Apesar da gravidade do diagnóstico, Ripple, Wolf e seus colaboradores não apresentam um futuro inevitavelmente catastrófico. Eles lembram que a recuperação parcial da camada de ozônio demonstra que ações internacionais rápidas, coordenadas e baseadas em evidências científicas podem reverter danos ambientais graves. A humanidade possui conhecimento, instrumentos e recursos para reduzir rapidamente as pressões ambientais e, ao mesmo tempo, melhorar o bem-estar humano. O problema é transformar esse conhecimento em ação política compatível com a escala da emergência.

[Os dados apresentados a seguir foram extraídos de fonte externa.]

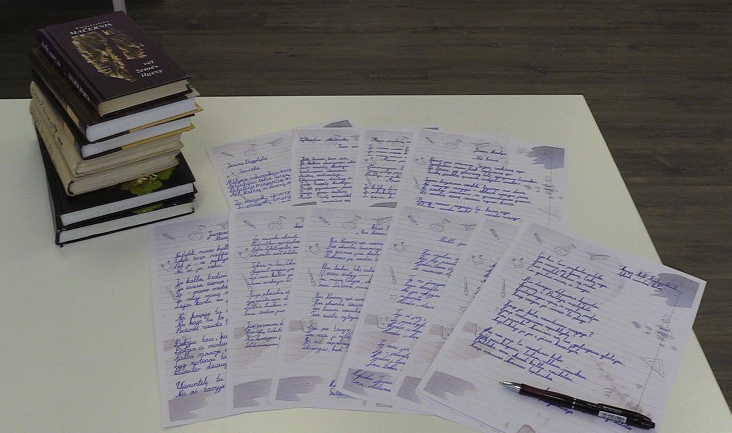 Dailiai ir taisyklingai mokinių parašyti eilėraščiai išeksponuoti bibliotekoje. Džiaugiamės penktokų iniciatyvumu ir dėkojame lietuvių kalbos mokytojai Rasai Čižauskienei.

É por isso que talvez nenhuma frase sintetize melhor a gravidade deste terceiro alerta do que aquela escolhida pelos próprios autores: “não estamos mais nos aproximando de uma emergência planetária. Estamos vivendo dentro dela”. Para Ripple, Wolf e seus colaboradores, as escolhas feitas nos próximos anos determinarão se a humanidade conseguirá estabilizar o sistema terrestre e assegurar um futuro habitável para as pessoas e para as demais formas de vida.

Depois de três alertas científicos em pouco mais de três décadas, a pergunta já não parece ser se fomos suficientemente avisados. A questão que se impõe é quantos alertas ainda serão necessários para que governos, grandes corporações e sociedades passem finalmente a agir de acordo com aquilo que a ciência já demonstrou.